EXERCISE INSTRUCTIONS: What is needed is an exact reproduction of the listing, without its pictures.

···

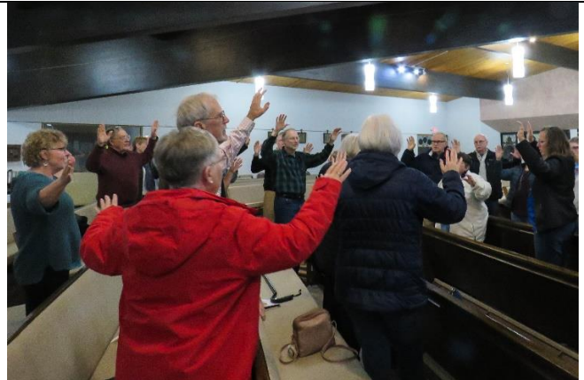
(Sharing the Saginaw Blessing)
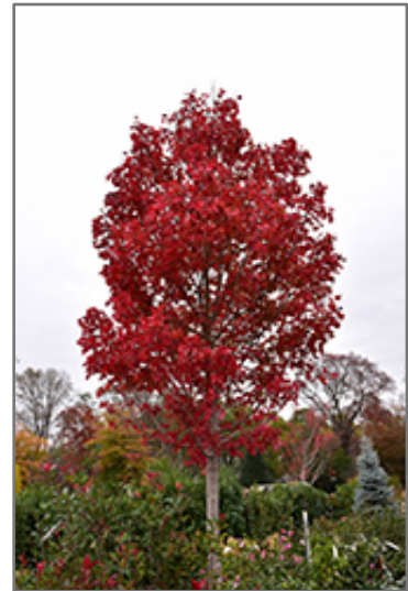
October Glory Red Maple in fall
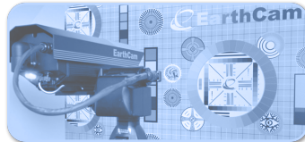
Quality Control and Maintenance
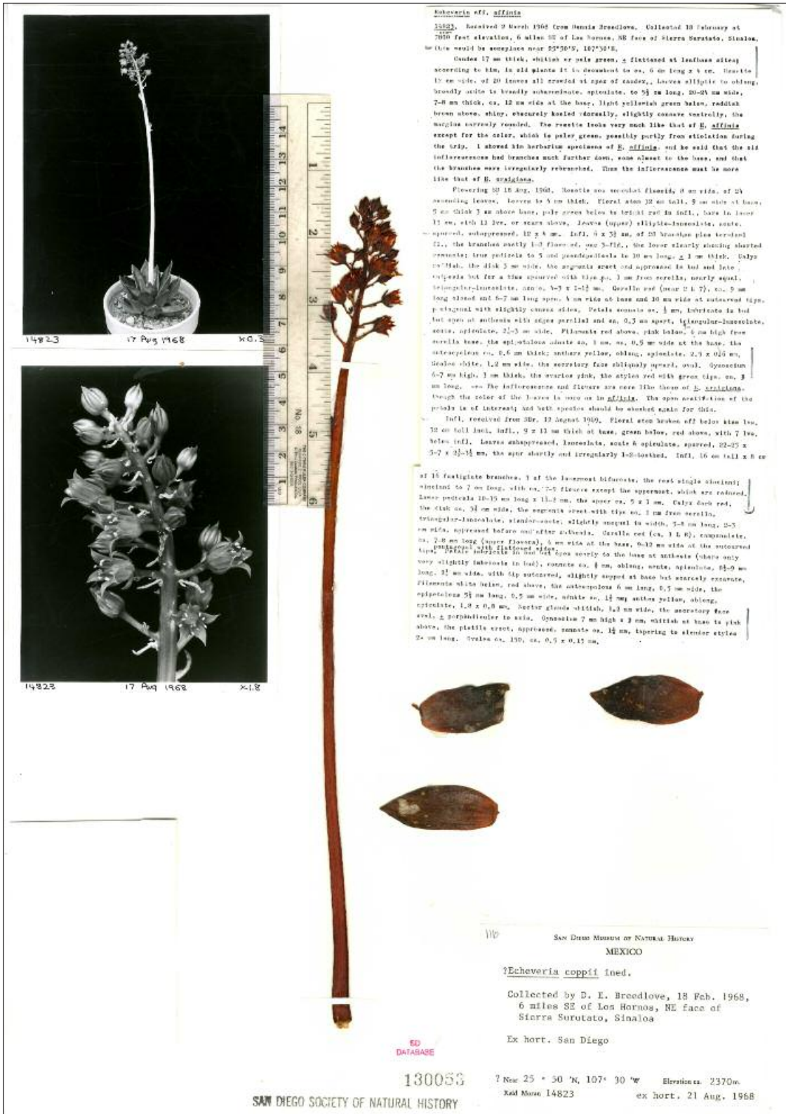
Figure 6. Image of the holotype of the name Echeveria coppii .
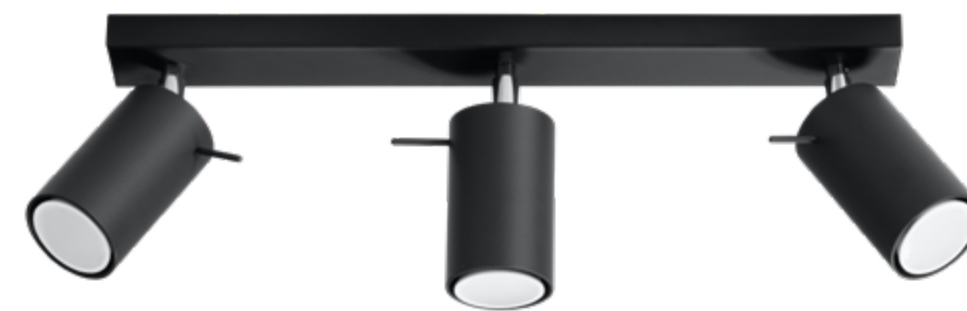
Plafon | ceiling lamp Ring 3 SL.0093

···

OUTPUT BELOW:
(Sharing the Saginaw Blessing)
October Glory Red Maple in fall
Quality Control and Maintenance
Figure 6. Image of the holotype of the name Echeveria coppii .
Plafon | ceiling lamp Ring 3 SL.0093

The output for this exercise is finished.